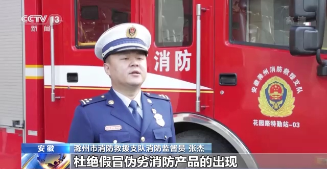 滁州市消防救援支队消防监督员 张杰:使用假冒伪劣消防产品对火灾扑救,特别是在初期火灾扑救中存在较大的安全隐患。我们将加大对这一类现象的查处力度,杜绝假冒伪劣消防产品的出现。
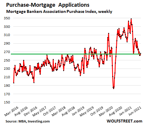 Investors and cash buyers were big, but mortgage applications dropped to 2019 levels. In June, 23% of the sales were all-cash, same as in May, and up from a share of 16% in June 2020. This includes institutional investors that can borrow at the institutional level, instead of via mortgages for each home, and it includes individual investors and second home buyers that have the cash, or can borrow against their portfolio, and get a mortgage later.
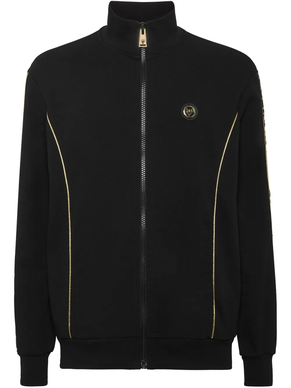 noir fermeture zippée devant patch poitrine à logo logo doré ourlet et bords nervurés
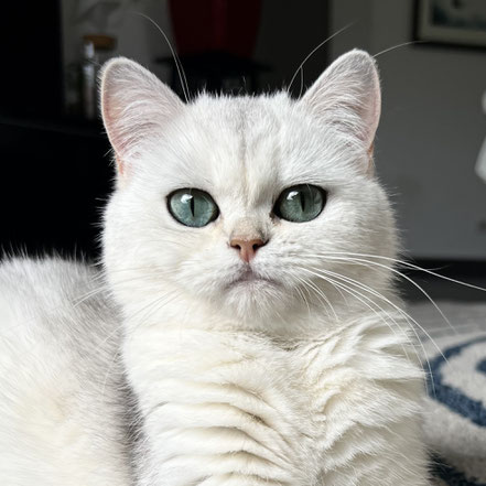 J'aime grimper sur les genoux de mon humaine pour pleins de câlins et de bisous, jouer avec mes copains chats et courir derrière les plumeaux.
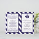 Ces programmes sont parfaits pour tout couple qui planifie un mariage romantique en bord de mer. Le design est orné d'un motif blanc marine bleu navire sur une marine nautique et un arrière - plan rayé blanc. La conception simple peut être personnalisée pour convenir à votre événement spécial et sera la commande parfaite de service pour toute soirée nautique sur la plage, y compris : douches nuptiales, fiançailles, wedding showers, fêtes d'anniversaire et bien plus encore.

● Your objective: Repeat the records above exactly, from the first line through the line containing "J'aime grimper sur", and leave out the pictures.

● Reply to the exercise:
 滁州市消防救援支队消防监督员 张杰:使用假冒伪劣消防产品对火灾扑救,特别是在初期火灾扑救中存在较大的安全隐患。我们将加大对这一类现象的查处力度,杜绝假冒伪劣消防产品的出现。
 Investors and cash buyers were big, but mortgage applications dropped to 2019 levels. In June, 23% of the sales were all-cash, same as in May, and up from a share of 16% in June 2020. This includes institutional investors that can borrow at the institutional level, instead of via mortgages for each home, and it includes individual investors and second home buyers that have the cash, or can borrow against their portfolio, and get a mortgage later.
 noir fermeture zippée devant patch poitrine à logo logo doré ourlet et bords nervurés
 J'aime grimper sur les genoux de mon humaine pour pleins de câlins et de bisous, jouer avec mes copains chats et courir derrière les plumeaux.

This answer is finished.